Treasury Wines, among the hardest-hit Australian wine producers from China’s tariff regime introduced in November 2020, has been buoyed by news that China will conduct a review of its tariff policy over the next five months.

The move, which comes ahead of a planned meeting by Prime Minister Anthony Albanese with Chinese President Xi Jinping next month, comes after Australia put a pause on its case to the World Trade Organisation that challenges the wine tariffs pending the review.

The news pushed Treasury Wine shares more than 5 per cent higher in early trade to a high of $12.39. But by 10.25am (AEDT) they were trading at $12.17.

After announcing its FY23 profit result in August, Treasury revealed to the market it was prepared to allocate more supply to China should tariffs be eased,

Pending China's review, Treasury Wines today confirmed it would be lifting investment in sales and marketing resources in China to rebuild the distribution footprint of its premium Penfolds brand.

“It’s great to see an agreement for an expedited pathway forward to allow our Australian brands and wine to be sold in the Chinese market,” says Treasury Wines CEO Tim Ford.

“There are only positives to come out of a favourable review for the Chinese consumer, customers and the wine category, for the Australian wine industry and for TWE.

“Both governments have worked constructively to achieve this outcome and we now look forward to a new era of positive engagement that ultimately will build a strong and growing China wine category should the review see the removal of these tariffs.”

Treasury Wines, which posted a net profit of $254.5 million for FY23, down 3.3 per cent from a year earlier, moved to decouple its business from China in 2020 following the introduction of the wine tariffs which led to a payable duty of 169.3 per cent on its high-end Penfolds wines.

At the time, China represented 25 per cent of total exports of Treasury's Penfold Bin and Icon range.

Despite the new tax devastating its China export markets, Treasury says it has maintained its commitment from 20 years ago to grow its China customer base.

The company is also committed to building on its strategy of growing its multi-country of origin products, including the first Chinese sourced and produced luxury Penfolds wine, building on a similar strategy in place in France and the US.

Treasury says it is well placed to rebuild its business in China should the tariffs be lifted following the five-month review by Chinese authorities.

The company says it will rebuild its distribution base for the Penfolds Australian entry-level luxury portfolios in China, including Penfolds Max’s, Koonunga Hill and One by Penfolds.
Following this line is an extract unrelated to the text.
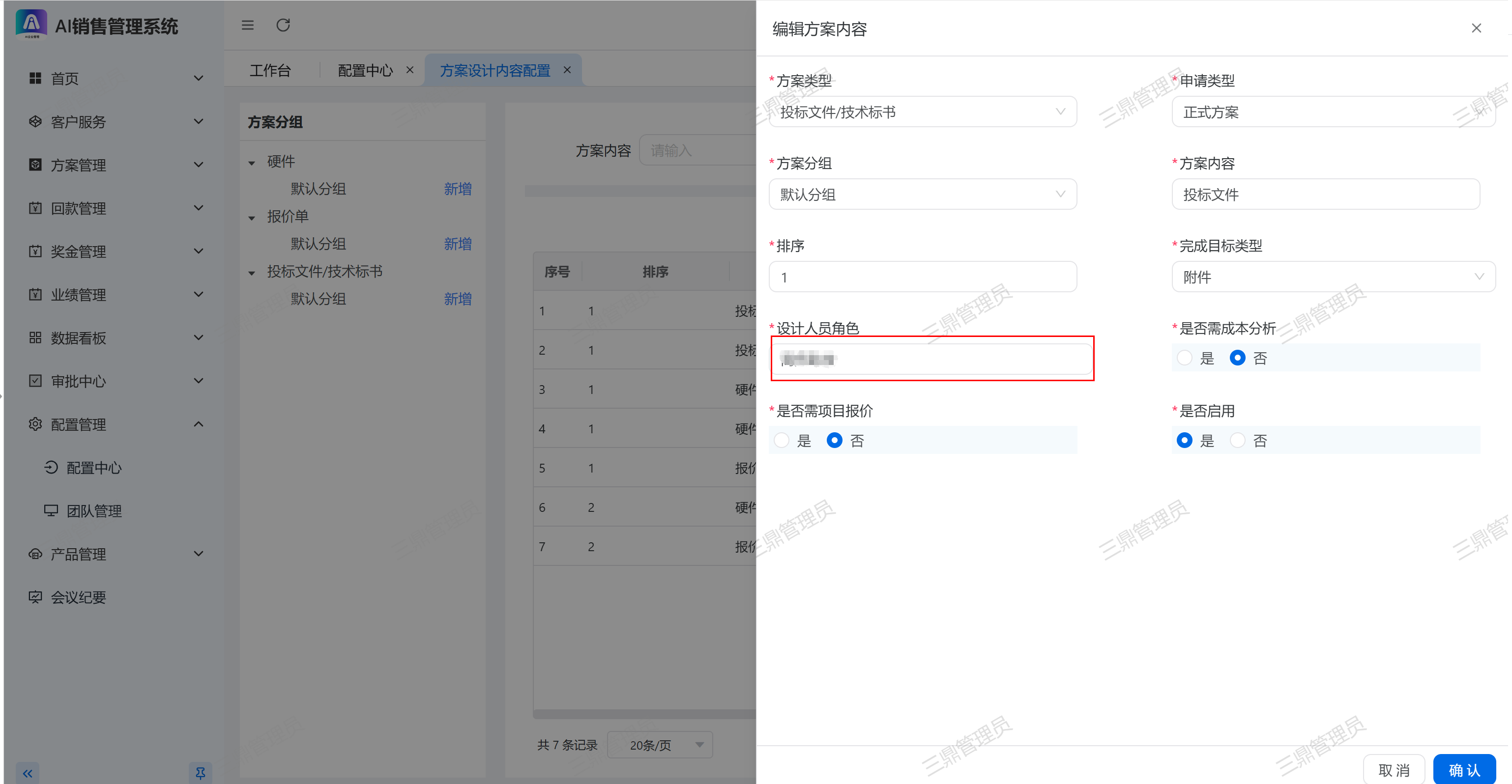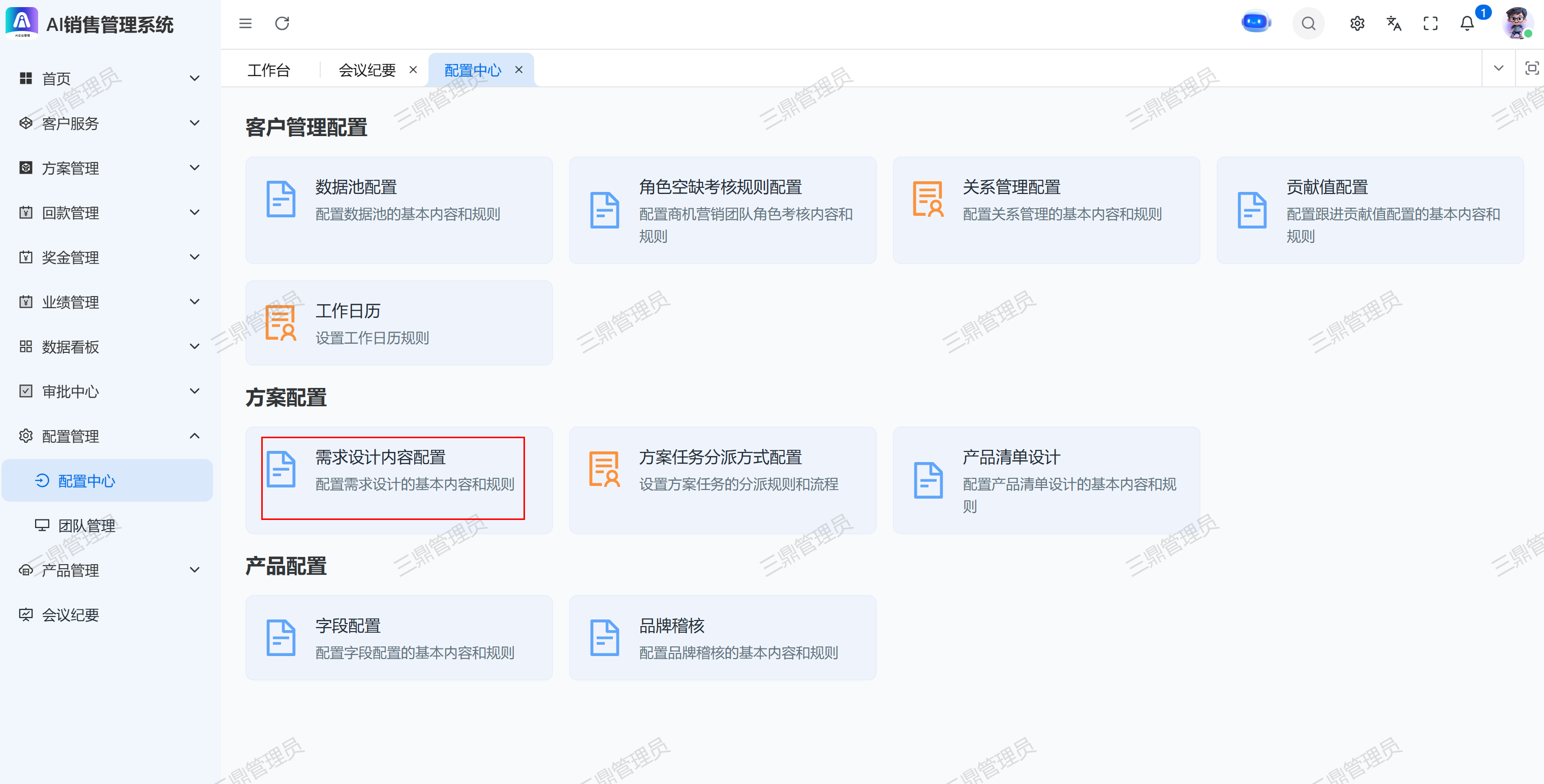 设置入口:【电脑端】>【配置管理】>【配置中心】> 【需求设计内容配置】

As mentioned in August following the release of its annual profit results, the company says it is also ready to reallocate a portion of its Penfolds Luxury and Icon tiers from other global markets as Chinese sales ramp up. However, it is keen to maintain momentum in these other global markets which picked up some of the slack over the past three years.

Treasury Wines says there will be no discounting to recoup market share with plans to maintain margins globally for Penfolds to ensure ‘long-term brand health and price integrity’.

“This ensures that sales prices and margins from luxury wine are materially consistent in all markets,” the company says.

“Should tariffs be removed, these measures will be implemented sustainably and with the aim of growing the business in China, but not at the expense of the long-term growth opportunity in other key markets.”